La crise financière de 2008 a mis cruellement en lumière un certain nombre de dysfonctionnements de la sphère financière. Parmi ceux-ci, la grande difficulté à gérer la défaillance d’une entité financière de grande taille et inextricablement connectée avec un grand nombre d’autres entités: les fameuses TBTF, « Too Big To Fail ». Après avoir laissé chuter Lehman , pour l’exemple semble-t-il, les gouvernements ont massivement renfloué les autres banques en difficulté, employant pour cela avec générosité l’argent du contribuable. Ce sont les fameux « bail-out », renflouement en bon français.
Le contribuable ne laisse pas de manifester un certain mécontentement. Mais surtout il y a quelque chose de malsain à ce que certains acteurs économiques se retrouvent ainsi en quelque sorte exemptés des contraintes d’une saine gestion sous prétexte que la puissance publique se verra de toute façon obligée de leur venir en aide en cas de difficulté. C’est ce qu’on appelle le « hasard moral », traduction peu satisfaisante de « moral hazard ». Pour ne citer qu’un exemple en relation avec la suite de cet article, le marché tend ainsi à leur affecter une prime de risque faible, du simple fait qu’ils bénéficient de cette garantie implicite, leur permettant ainsi d’emprunter à des taux particulièrement bas par rapport à la qualité réelle de leurs actifs.

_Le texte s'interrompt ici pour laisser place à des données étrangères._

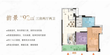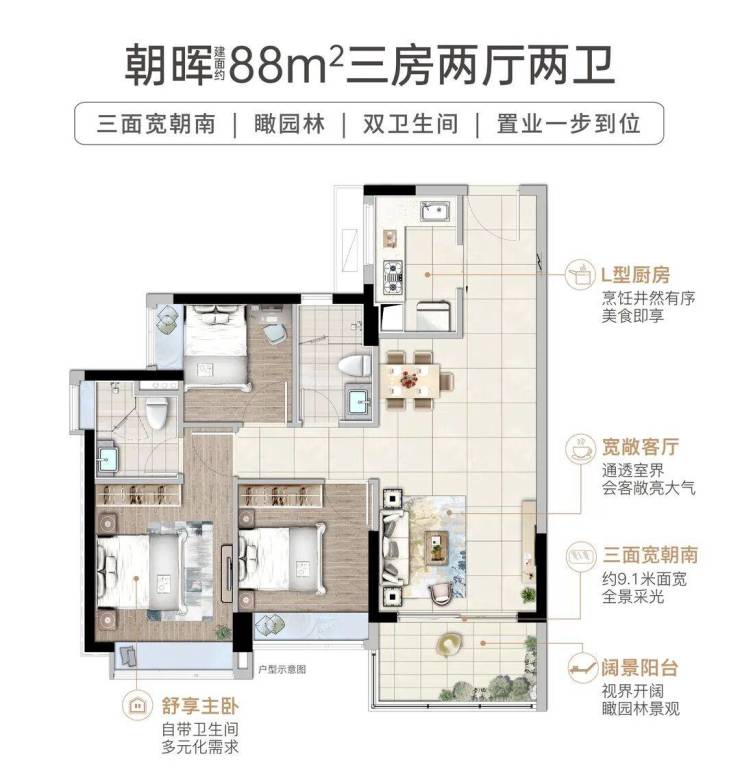 建面约88平方米三房两厅两卫:作为入门级改善户型,实现了“3+1”的灵动空间布局。三开间朝南,连接约6.1米宽的景观阳台,视野开阔。主卧套房设计,配备独立卫浴,实用率高,总价门槛相对亲民(总价199万起),适合首改家庭或注重性价比的购房者。

« Plus jamais ça », a dit le G20. Il faut trouver un autre système. C’est ainsi que les régulateurs ont inventé le « bail-in ». Plus question de ponctionner l’argent du budget des États, cette fois ce sont les créanciers de l’établissement bancaire en difficulté qui devront mettre la main à la poche. Parmi les créanciers d’une banque, il y a bien sûr en premier lieu les déposants. Mais ceux-ci sont protégés par le fond de garantie des dépôts, et puis de toute façon les appeler à contribuer, comme Chypre a voulu le faire, serait encore plus désastreux pour l’image de la profession. Les créanciers qui devront se mobiliser en cas de difficulté seront donc les détenteurs d’obligations.
Comment procéderait-on? Tout simplement, à partir du moment où la banque entre en procédure de redressement, les autorités de régulation auraient la possibilité soit d’imposer la conversion en actions soit d’effacer purement et simplement une partie de la dette émise par la banque. Cela permettrait ainsi mécaniquement d’améliorer la solvabilité de l’établissement, en réduisant la part du passif exigible dans son bilan. Certains établissements ont commencé à émettre de la dette spécifiquement destinée à être convertie en capital en cas de besoin. Cette dette est évidemment pricée plus cher par le marché, car plus risquée. Plus généralement, on constate que la perspective du « bail-in » a permis de ramener les primes de risque sur les obligations bancaires à des niveaux plus réalistes qu’avant la crise.
Fini de renflouer les banques avec de l’argent public, on les renflouera avec de l’argent…
du public!
Il reste tout de même à se demander qui serait affecté vraiment en cas de bail-in d’un ou plusieurs (les crises ayant tendance à affecter l’ensemble de la sphère financière simultanément) établissements bancaires. Le contribuable est protégé et peut dormir sur ses deux oreilles. Ce sont « les créanciers » – donc d’affreux financiers – qui paieront le renflouement des affreuses banques. Qui sont ces créanciers? Pas d’autres banques! Ce sont des compagnies d’assurance, des fonds de pension, des sociétés de gestion. D’où vient leur argent? Des épargnants individuels, principalement: assurances-vie, OPCVM, plans d’épargne retraite. Bref au lieu de renflouer les banques avec de l’argent public, on les renflouera avec de l’argent…du public.
Ceci est dit sans acrimonie aucune d’ailleurs. Le moment est peut-être enfin venu de comprendre que la monnaie, ce n’est pas seulement l’argent que chacun détient et qu’il veut à tout prix et à juste titre protéger de la rapacité de l’Etat, des banques, etc. La monnaie c’est avant tout un bien public. Et les banques sont au cœur du système qui permet d’allouer la monnaie au sein du système économique. D’une manière ou d’une autre, la santé du système bancaire est et restera un bien d’intérêt public.